Further, the evidence did not seek to circumvent the absence of any expert evidence (as in Buckingham) but rather facilitated the independent expert evidence. This was in circumstances where there is in fact no blanket rule prohibiting factual witnesses from giving opinion evidence. The Judge summarised the principles that can be derived from the authorities on this point, as follows:

  1. Witnesses of fact may be permitted to give opinion evidence where it is related to their factual evidence (for example, if they have relevant industry knowledge or experience); see Multiplex Construction (UK) Limited v Cleveland Bridge UK Limited [2008] EWHC 2220.
  2. Witnesses of fact may give opinion evidence where it concerns what may have happened in a counterfactual situation; see Rogers v Hoyle [2015] Q.B. 265.
  3. The above exceptions are even more important where the Court is seeking to quantify loss (as in this case) which necessarily involves a hypothetical exercise which may necessitate the relaxation of the rules of evidence; see Parabola Investments Ltd v Browallia Cal Ltd [2011] QB 477.

Finally, as to the relevance of the PD, the Judge concluded that it is invaluable in “addressing the waste of costs incurred by the provision of absurdly lengthy witness statements merely reciting the contents of the documentary disclosure and commenting on it” but concluded that “it was not in my judgment intended to affect the issue of admissibility”. In any event, the PD permitted the evidence in question as it was of the type that the witnesses would have been permitted to give in examination in chief given the authorities noted above.


The Judgment highlights that despite the recent introduction of the PD which notes that factual witnesses should only deal with matters of fact of which they have direct knowledge, witnesses of fact can, in limited circumstances, give what could be deemed to be opinion evidence ordinarily outside the remit of fact witnesses.
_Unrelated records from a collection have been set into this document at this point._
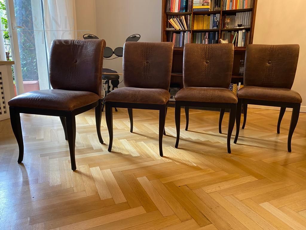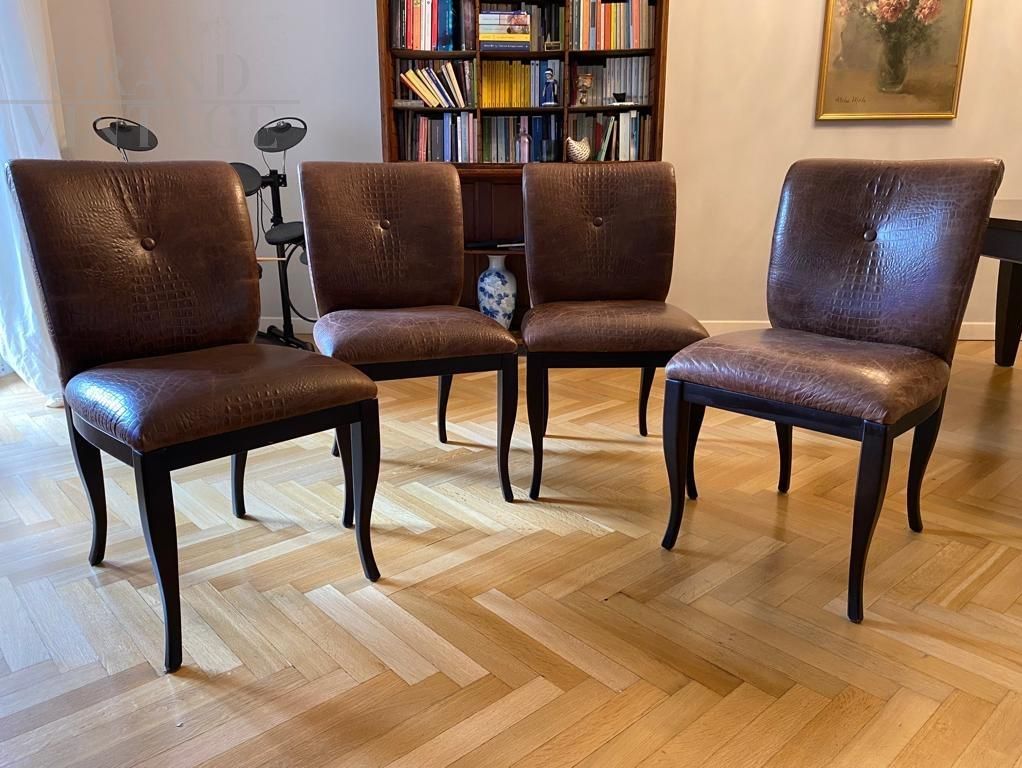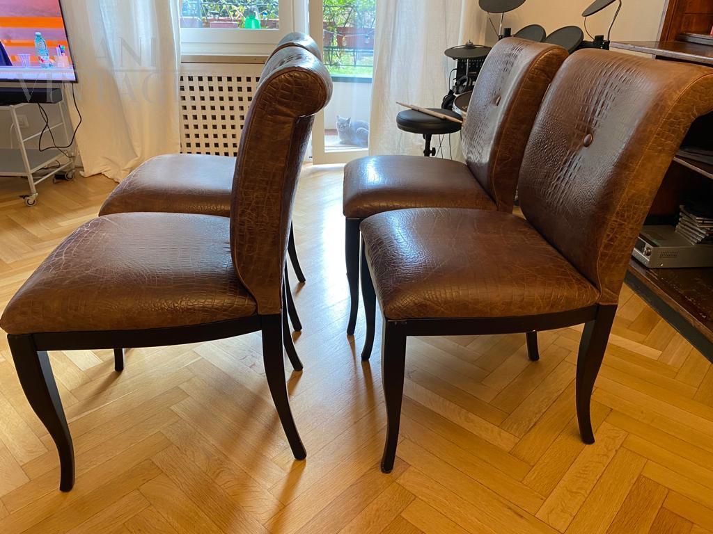 Set di 4 sedie poltroncine stile vintage di marca Smania in pelle marrone con rilievo a coccodrillo, perfette per ambienti eleganti o in stile industriale. Questo modello è fuori produzione.
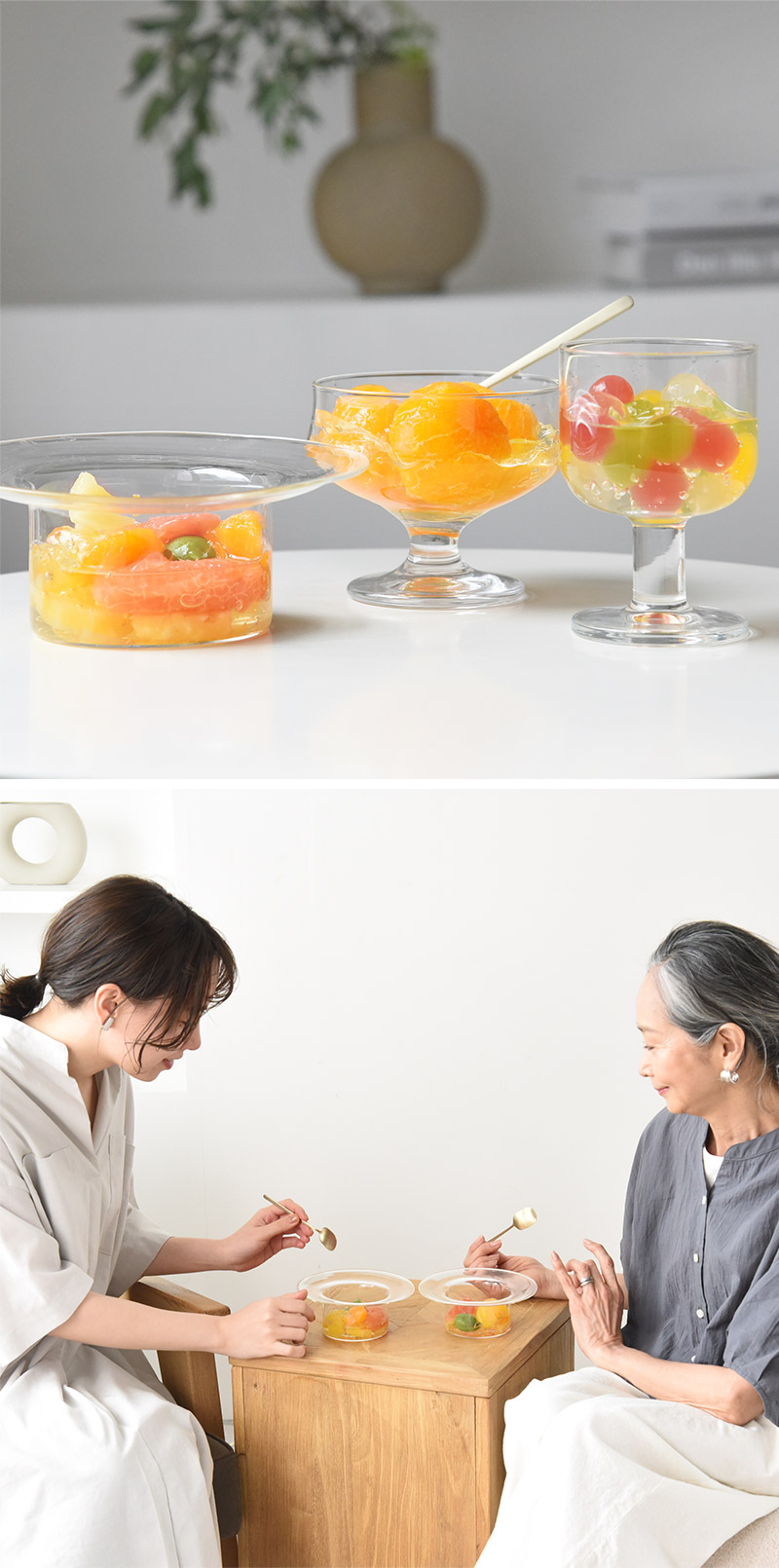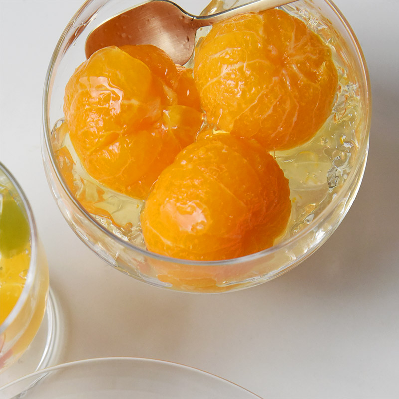 「フルーツコンポート/ゼリーボール/みかんコンポート」は全て、最後の1滴までお楽しみいただけるように、シロップではなく、上品な甘さの「ジュレ」で果実を閉じ込めています。器に盛った時も、キラキラと輝いて、見た目の美しさにも目を奪われます。
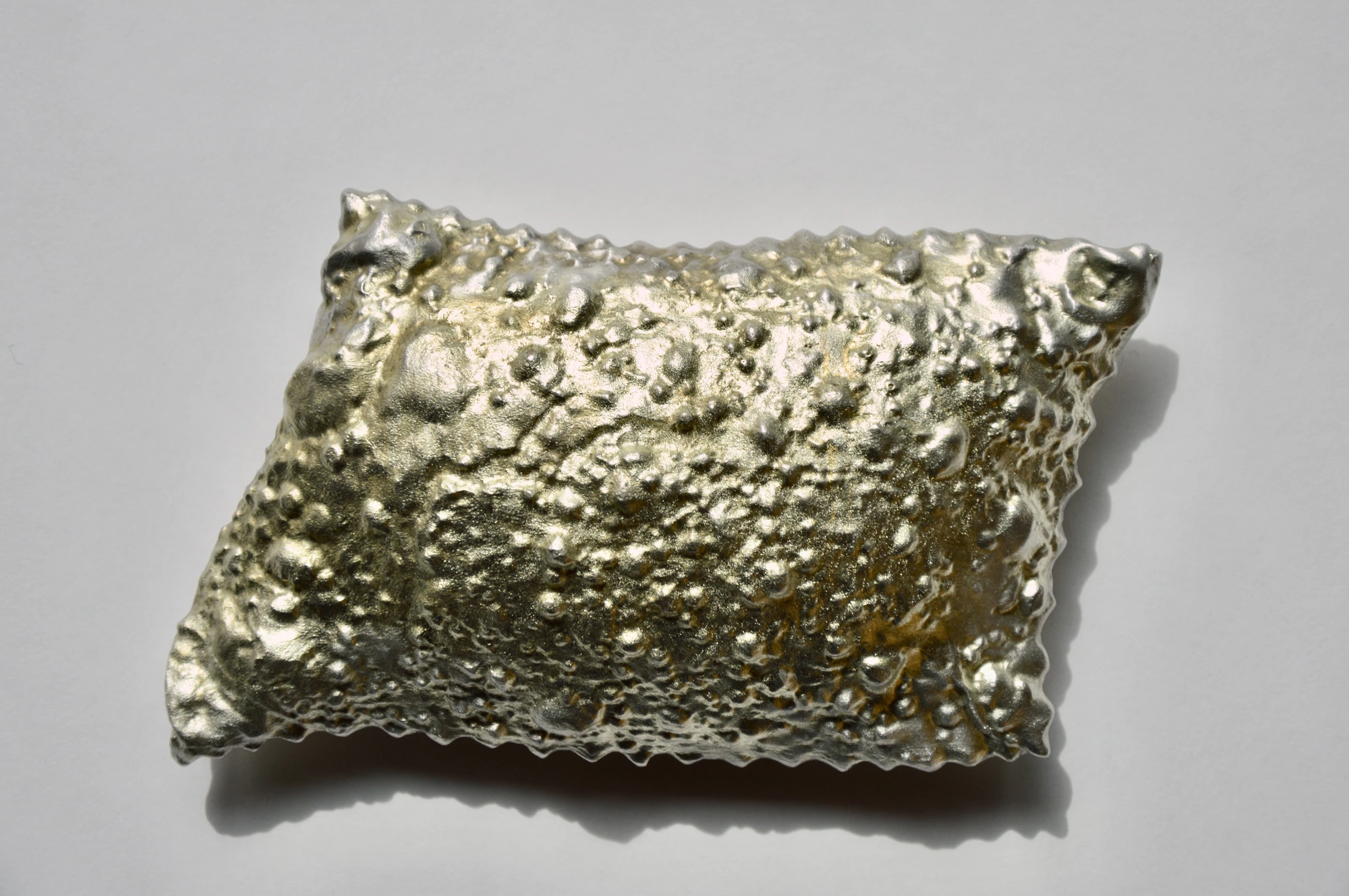 Kastelruther Krapfen (Edition), 2025-26, 13x07x3,5 cm, Zinnvollguss 1,1 kg, 23 KT Ölvergoldung

In addition, the Judgment helpfully clarifies that the new PD does not affect the rules of admissibility of evidence, and existing authorities in the area are not impacted by the introduction of the PD.

Nevertheless, the PD does give the Business & Property Courts wide discretion to strike out all or parts of witness statements that do not comply with its requirements, so it is important that legal representatives ensure compliance with its terms. Where this discretion is exercised, parties are likely to suffer serious evidential and costs consequences.